The Spirit is the consummation of the Triune God, reaching His redeemed people and expressed in the lampstands, which signify the churches in this age (Rev. 1:11-12, 20; 2:7, 11, 17, 29; 3:6, 13, 22). The lampstand itself is the embodiment of the Divine Trinity dispensed into the members of Christ. What is the church? It is the expression of the Divine Trinity dispensed into God’s children. The definition of the church in Revelation is very high and deep. The church is not just a group of Christians, nor is it simply an organization of Christian believers, but it is the blending of the Divine Trinity who has been dispensed into all the believers.

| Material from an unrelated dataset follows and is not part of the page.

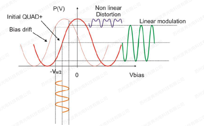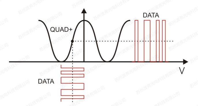 鈮酸鋰(LiNbO3)M-Z強(qiáng)度調(diào)制器是自誕生以來(lái)得到了廣泛的應(yīng)用,主要應(yīng)用于光網(wǎng)絡(luò)1310nm和1550nm波段,1064nm近紅外激光器波段,以及800nm-900nm原子物理波段。M-Z電光強(qiáng)度調(diào)制器是干涉型器件,具有正弦傳輸特性函數(shù)(下圖黑色曲線),在強(qiáng)度調(diào)制器上施加適當(dāng)?shù)钠珘褐?,使調(diào)制器工作在合適的工作點(diǎn)(下圖QUAD+),可以實(shí)現(xiàn)高速的電信號(hào)-光信號(hào)轉(zhuǎn)換(下圖紅色曲線)。雖然鈮酸鋰器件已經(jīng)相對(duì)成熟,非常穩(wěn)定,但它們的工作點(diǎn)任然會(huì)受到外部條件的變化而產(chǎn)生的緩慢的漂移(請(qǐng)參考iXblue偏壓控制器產(chǎn)品介紹)。為了獨(dú)立調(diào)整M-Z電光調(diào)制器的工作點(diǎn)并應(yīng)用高頻調(diào)制信號(hào),人們?cè)O(shè)計(jì)了兩組電極:一組電極即射頻電極,用于施加射頻信號(hào)(NRZ, PRBS等數(shù)字信號(hào),模擬信號(hào),脈沖信號(hào)等)。第二組電極,直流偏壓電極,用來(lái)調(diào)節(jié)調(diào)制器的工作點(diǎn)。

In the lampstand you can see the Father, you can see the Son, and you can see the Spirit. The substance of the lampstand is gold. Gold in typology signifies the nature of God the Father. With the lampstand there is also a certain form. The lampstand is not just a piece of gold without a proper shape; it is a piece of gold shaped into a certain form. This means the gold is embodied into a shape, and the shape is God the Son. The substance is the Father, and the form is the Son. Furthermore, the lampstand has seven lamps for expression. The seven lamps are the seven Spirits of God (Rev. 4:5). So the substance is God the Father, the shape and form is God the Son, and the expression is God the Spirit. Such a lampstand is the church. This is not religion, nor is it any kind of “-anity.” This is not a matter of ethics or morality or natural thought or philosophy.
The church is the embodiment of the Triune God dispensed into us and blended within us. It is the Triune God dispensed into humanity and blended in humanity as one single entity (Rev. 22:17a). There is no separation. This is the Spirit as the consummation of the Triune God, reaching His redeemed, and this is the consummation of the divine dispensing in this age.